§ **Source material**:
■ ■ ■ ■

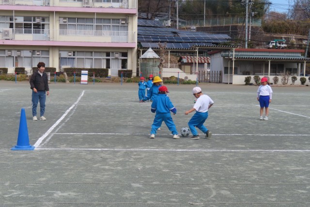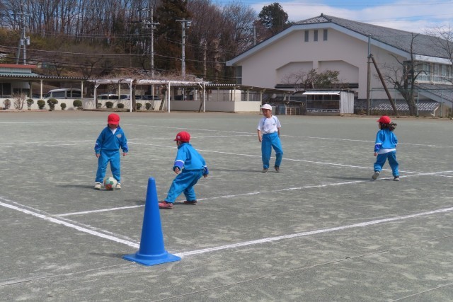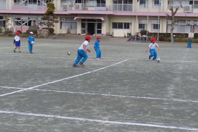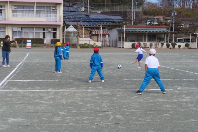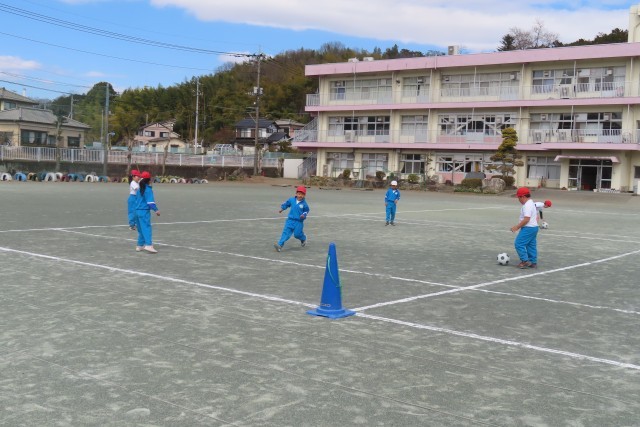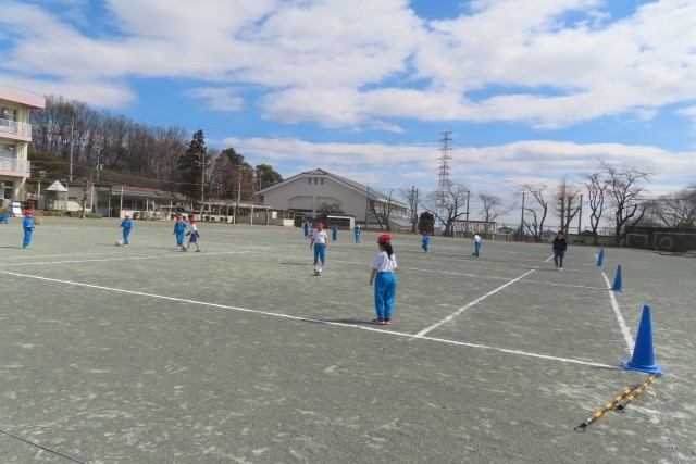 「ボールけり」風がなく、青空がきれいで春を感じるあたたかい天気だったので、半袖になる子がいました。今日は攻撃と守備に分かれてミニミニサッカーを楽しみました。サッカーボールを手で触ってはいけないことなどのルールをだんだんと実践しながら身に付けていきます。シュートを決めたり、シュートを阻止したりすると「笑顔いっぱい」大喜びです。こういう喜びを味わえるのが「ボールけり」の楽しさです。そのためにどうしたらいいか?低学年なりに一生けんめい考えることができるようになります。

■ ■ ■ ■

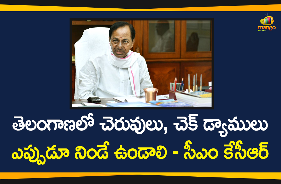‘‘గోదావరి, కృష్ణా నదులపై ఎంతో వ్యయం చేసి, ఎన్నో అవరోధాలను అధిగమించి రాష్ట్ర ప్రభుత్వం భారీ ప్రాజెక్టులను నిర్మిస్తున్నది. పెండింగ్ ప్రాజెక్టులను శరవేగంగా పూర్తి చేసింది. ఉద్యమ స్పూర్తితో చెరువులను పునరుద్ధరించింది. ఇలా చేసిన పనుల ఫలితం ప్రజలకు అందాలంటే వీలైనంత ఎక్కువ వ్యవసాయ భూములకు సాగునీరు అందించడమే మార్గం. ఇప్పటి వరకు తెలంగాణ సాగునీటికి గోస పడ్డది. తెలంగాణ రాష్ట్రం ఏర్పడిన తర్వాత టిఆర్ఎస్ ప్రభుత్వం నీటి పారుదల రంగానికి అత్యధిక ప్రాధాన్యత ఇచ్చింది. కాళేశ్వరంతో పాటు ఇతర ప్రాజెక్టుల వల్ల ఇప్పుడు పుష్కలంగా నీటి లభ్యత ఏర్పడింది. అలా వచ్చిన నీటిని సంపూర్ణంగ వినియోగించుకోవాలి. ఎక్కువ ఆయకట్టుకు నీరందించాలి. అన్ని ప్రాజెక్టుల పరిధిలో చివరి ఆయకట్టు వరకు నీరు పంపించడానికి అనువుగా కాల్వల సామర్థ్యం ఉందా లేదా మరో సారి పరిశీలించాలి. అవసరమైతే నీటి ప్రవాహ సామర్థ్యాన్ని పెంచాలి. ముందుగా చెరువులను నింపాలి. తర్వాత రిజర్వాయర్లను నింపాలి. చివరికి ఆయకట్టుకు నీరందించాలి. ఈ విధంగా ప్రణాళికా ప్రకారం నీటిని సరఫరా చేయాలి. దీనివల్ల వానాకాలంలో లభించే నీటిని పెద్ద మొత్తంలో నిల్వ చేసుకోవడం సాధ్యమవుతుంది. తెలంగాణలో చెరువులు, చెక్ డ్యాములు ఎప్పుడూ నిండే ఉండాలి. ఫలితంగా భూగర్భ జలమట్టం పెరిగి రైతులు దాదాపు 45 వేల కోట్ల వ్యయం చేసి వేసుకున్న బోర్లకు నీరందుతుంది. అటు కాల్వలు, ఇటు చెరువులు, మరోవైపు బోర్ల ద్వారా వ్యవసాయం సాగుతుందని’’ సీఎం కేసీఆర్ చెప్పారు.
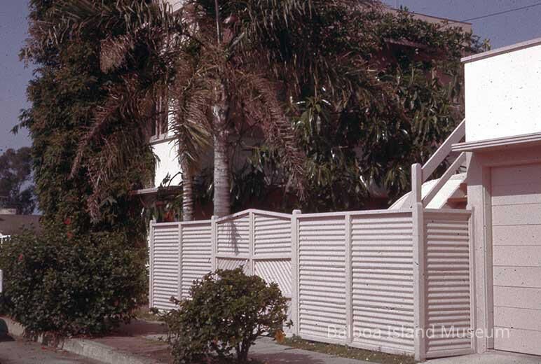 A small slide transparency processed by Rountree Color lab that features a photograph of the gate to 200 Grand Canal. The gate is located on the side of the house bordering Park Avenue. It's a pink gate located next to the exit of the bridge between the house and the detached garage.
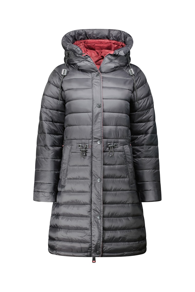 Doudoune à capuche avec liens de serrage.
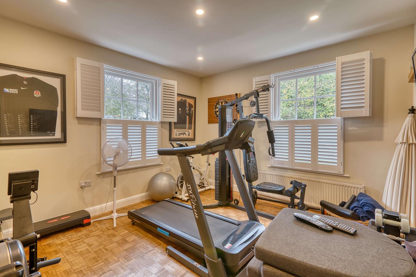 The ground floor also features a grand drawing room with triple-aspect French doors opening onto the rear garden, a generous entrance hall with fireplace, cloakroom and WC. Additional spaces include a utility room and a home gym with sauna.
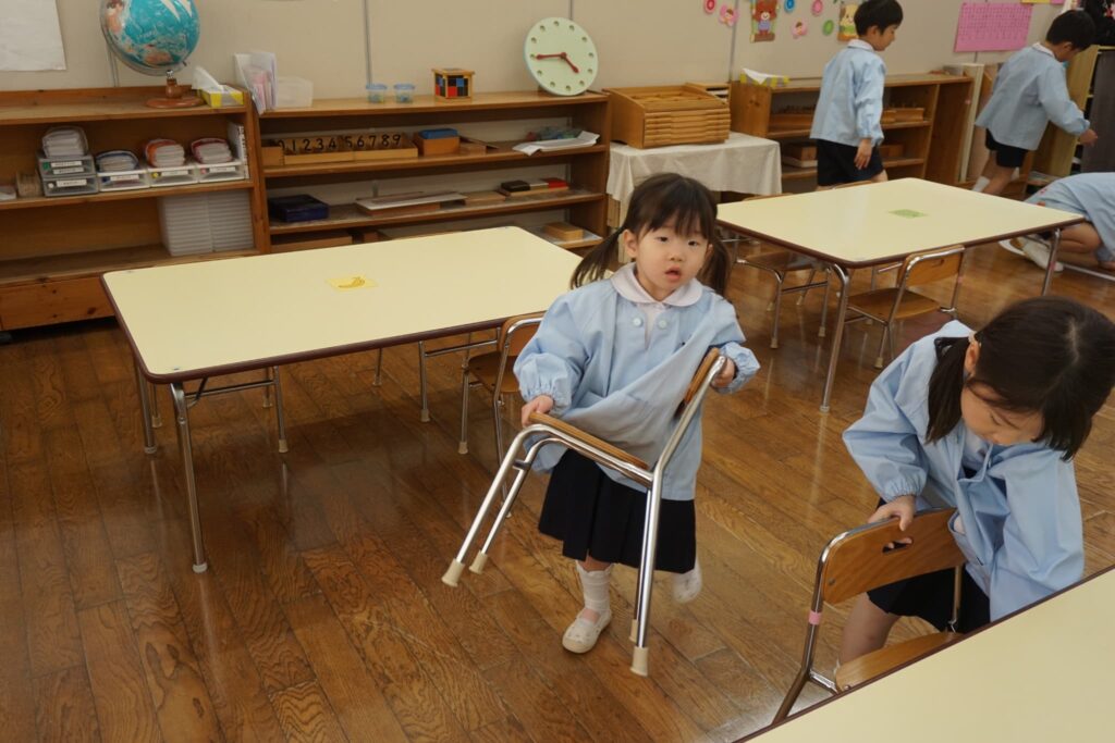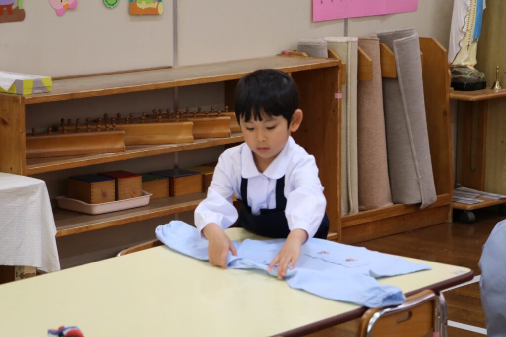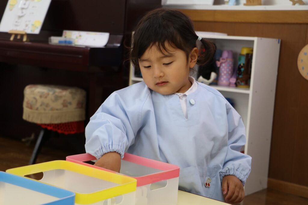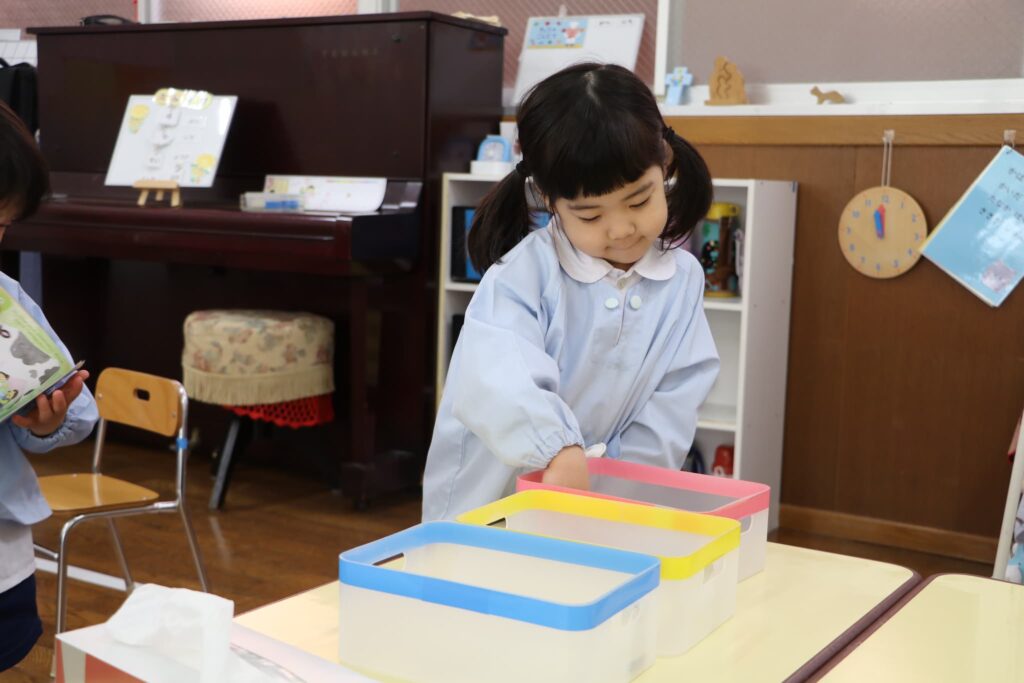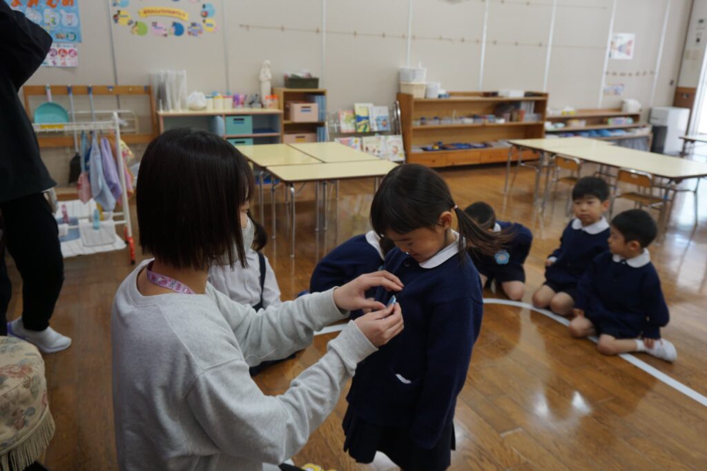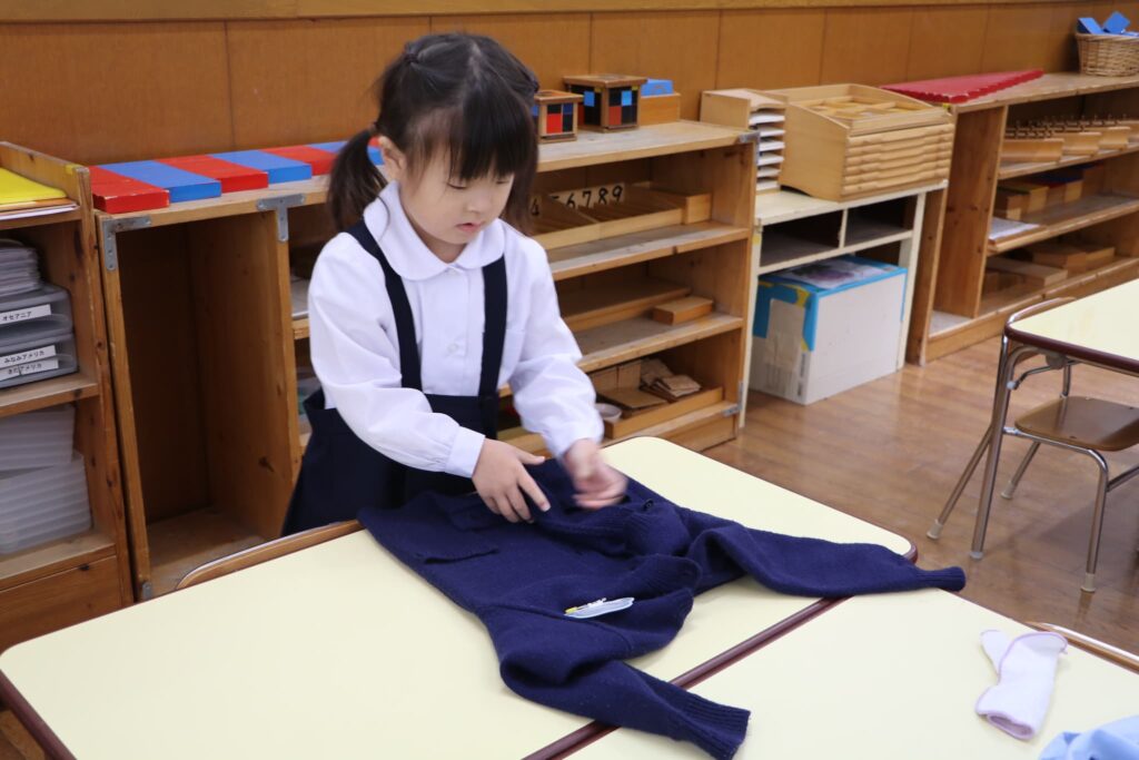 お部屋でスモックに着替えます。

■ ■ ■ ■

§ **Task description**: In the data above, find the line containing "The ground floor" and the line containing "お部屋でスモックに着替えます。". Copy exactly the stretch from the first through the second, both included, leaving out any picture.

§ **Result for this exercise**:
 The ground floor also features a grand drawing room with triple-aspect French doors opening onto the rear garden, a generous entrance hall with fireplace, cloakroom and WC. Additional spaces include a utility room and a home gym with sauna.
 お部屋でスモックに着替えます。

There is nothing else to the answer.